Valuations are high, no doubt, and we would continue to see higher valuations for some time. I don’t see much respite on that front and that is linked to global macro trends. 

Globally, we have seen 10-12 years of a bull run in the public markets. In some ways, equity is cheap. For companies such as Amazon and Facebook, it’s very easy to raise billions of dollars. As long as the global public markets are the way they are and if equity continues to be cheaper, we would see a shift from public to private as more capital would flow into private companies. 

Therefore, deep-pocketed investors would continue to keep deploying capital in private companies, which would keep the pressure going downwards. We are also seeing a very secular shift of capital from the old world to the new world, that is, technology investing.

Therefore, people are chasing growth, scale, and other things, considering the global macros.

Coming to fintech, how deep can one go into this segment and what are the emerging themes that investors are looking at besides online lending?

Fintech is just the starting point. Lending has always been a simple product, easy to understand and has very well played out in developed markets. In India, we have a very high consumer population which is not part of the formal lending market. It was easy to start lending businesses, which is why we saw too many startups spring up in that vertical.

Insurance is one area that we think offers tremendous opportunity. Our view is that we will see a lot of innovation in new financial products in India. Another emerging theme could be innovation in credit card products. Remittances is another big pain area. There’s a lot of asymmetry and lack of consumer information there and, therefore, innovation around remittances could be another area. 
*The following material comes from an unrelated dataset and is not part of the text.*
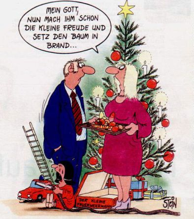Fritzchen: "Vater, der Christbaum brennt.“
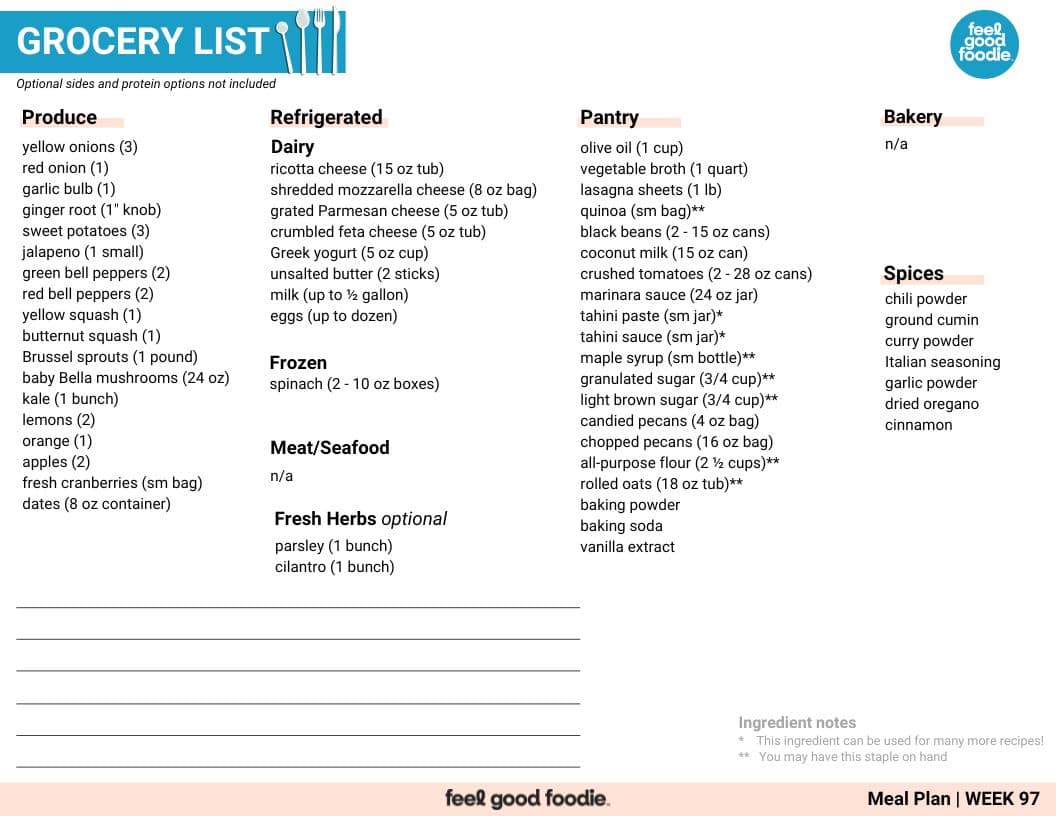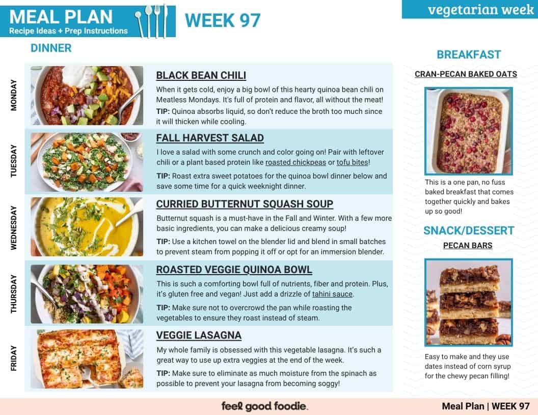 This week’s meal plan consists of 5 dinner recipes for every day of the week: Black Bean Chili, Fall Harvest Salad, Curried Butternut Squash Soup, Roasted Vegetable Quinoa Bowl, and Vegetable Lasagna, together with two bonus recipes to prep for breakfast: Cranberry Pecan Baked Oatmeal and a dessert/snack recipe: Pecan Bars. Hope you take pleasure in them.

On the payments side, companies like Paytm are trying to solve problems in the horizontal payments space. Then, there will be the next level of merchant innovation happening in specific sectors. For example, travel agents have different financial needs so we might see some innovation there too.

What are your views on the exit environment in general and what are your IRR expectations (internal rate of return)?

I think the exit environment has improved overall. We are seeing a lot of velocity now. Since we invest in a very high risk category of companies, our IRR has to be in the 40-50% range.